Out-Law News 3 min. read

Gatekeepers face EU Digital Markets Act regulation

The European Commission has published a legislative proposal to identify gatekeepers in the digital economy and impose new rules on them.

On Tuesday, the Commission presented a long-awaited legislative package. It consists of the Digital Services Act and the Digital Markets Act. Both laws contain new rules for digital services such as social media, online marketplaces and other online platforms operating in the EU. According to the Commission, they are intended to better protect consumers and their fundamental rights on the internet and lead to fairer and more open digital markets.

The Digital Markets Act includes new rules to prevent online platforms that are designated as, or are likely to become, gatekeepers in the single market from engaging in unfair business practices. The proposed legislation also contains a market investigation mechanism intended to ensure that the obligations  set out in, and companies governed by, the regulation are kept up to date to reflect the fast pace of the digital world.

Lena Lasseur, competition law expert at Pinsent Masons, the law firm behind Out-Law, said: "The new rules will be important for small and big businesses alike. Small companies might see it as a chance to challenge the position of big players or finally enter the market, while bigger players might see it as a risk for further scrutiny by the competition authority."

Under the proposed legislation, companies could be classified as gatekeepers if they have an annual turnover in the European Economic Area of at least €6.5 billion in the last three financial years, or if their average market capitalisation or equivalent market value in the last financial year was equal to that figure, and the company provides a central platform service in at least three member states.

In addition, the company must have operated at least one core platform service in the last three financial years that has over 45 million monthly active end-users in the EU and has over 10, 000 active business users established in the EU in the last financial year.

Companies would be obliged to check for themselves whether they meet the criteria for gatekeepers. They would then have to provide the Commission with the relevant information, on the basis of which it can check whether the conditions are met. If this is the case, it would classify the company as a gatekeeper.

However, the Commission could also designate companies as gatekeepers independently of these criteria as a result of a market investigation.

The new law provides for a number of requirements and prohibitions for gatekeepers. Among other things, they would be required to take specific precautions to ensure that third-party software can function properly and interoperates with their own services. Gatekeepers would also have to allow their commercial users to advertise their offers and to conclude contracts with their customers outside the gatekeeper's platform. The new law would also prohibit that users are prevented from deleting pre-installed apps on their devices. Companies would have six months after being classified as gatekeepers to comply with these and other legal requirements.
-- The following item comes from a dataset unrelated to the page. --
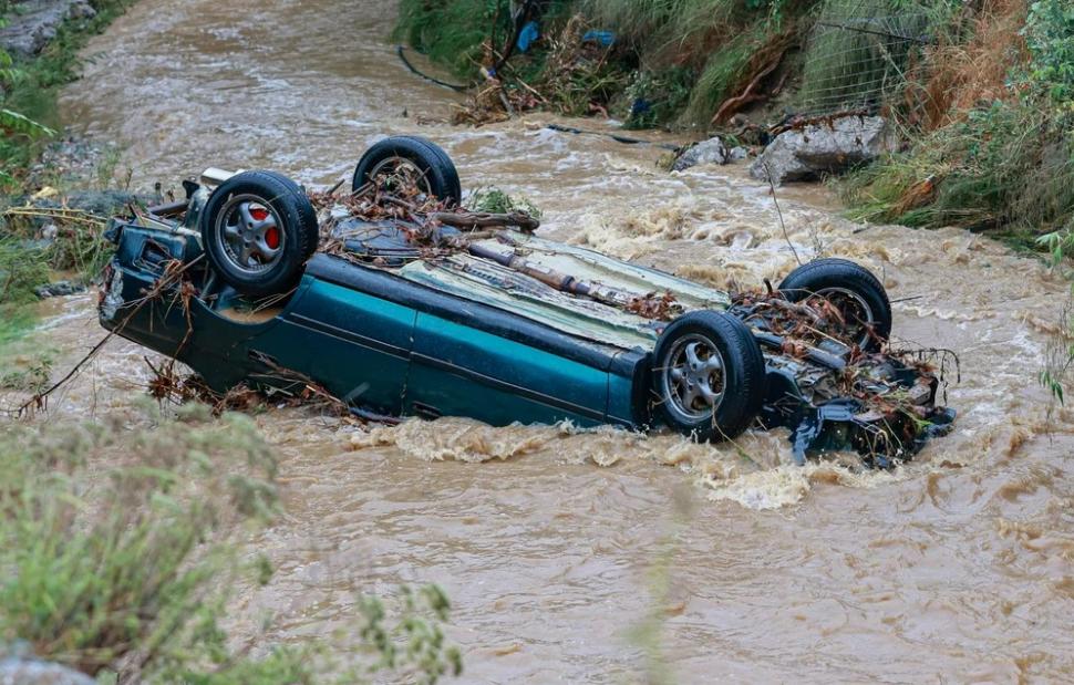 Στην παραλία Αγίου Ισιδώρου στο Πλωμάρι το ποτάμι κατέβασε μεγάλο όγκο νερού με αποτέλεσμα να παρασυρθεί ένα αυτοκίνητο που ήταν παρκαρισμένο στην περιοχή αλλά και ξαπλώστρες και ομπρέλες της παρακείμενης επιχείρησης.

In case of violations, the new law would provide for fines of up to 10% of a gatekeeper's total global turnover. Lasseur said: "The fines are high, but they correspond to the usual sanction regime for violations of European competition law."

In the event of a repeated offence, following a detailed market investigation by the Commission, the company could even be broken if the Commission finds that there is no effective alternative to ensure that the gatekeeper obligations are complied with.

"It will be important to assess how the Commission will apply these new powers in practice given the dynamic, fast-moving nature of current technology markets," said Paul Williams of Pinsent Masons. "An entity defined as a gatekeeper under the Act will need to carefully consider the Act’s application to their business, and other entities in digital markets will need to be aware of how the Act will affect their trading relationships with gatekeepers."

Angelique Bret, competition law expert at Pinsent Masons, said: "The changes are significant, but also represent a more moderate position than originally envisaged. The Commission's original proposal included a full market investigation tool which would have allowed the Commission to impose ex-ante competition remedies, not only in digital markets but in other sectors, and would be modelled on the similar regime in the UK. The Commission's final proposal for the tool has limited it to identifying gatekeepers and services that should be included in the scope of the Act, and imposing additional remedies on gatekeepers where they continually fail to follow the new requirements. The Commission will continue to use its usual ex-post anti-trust powers to enforce existing competition laws across the EU."

In the next step of the legislation, the European Parliament and member states will debate the Commission's proposals. According to experts, the legislative process will continue for several years.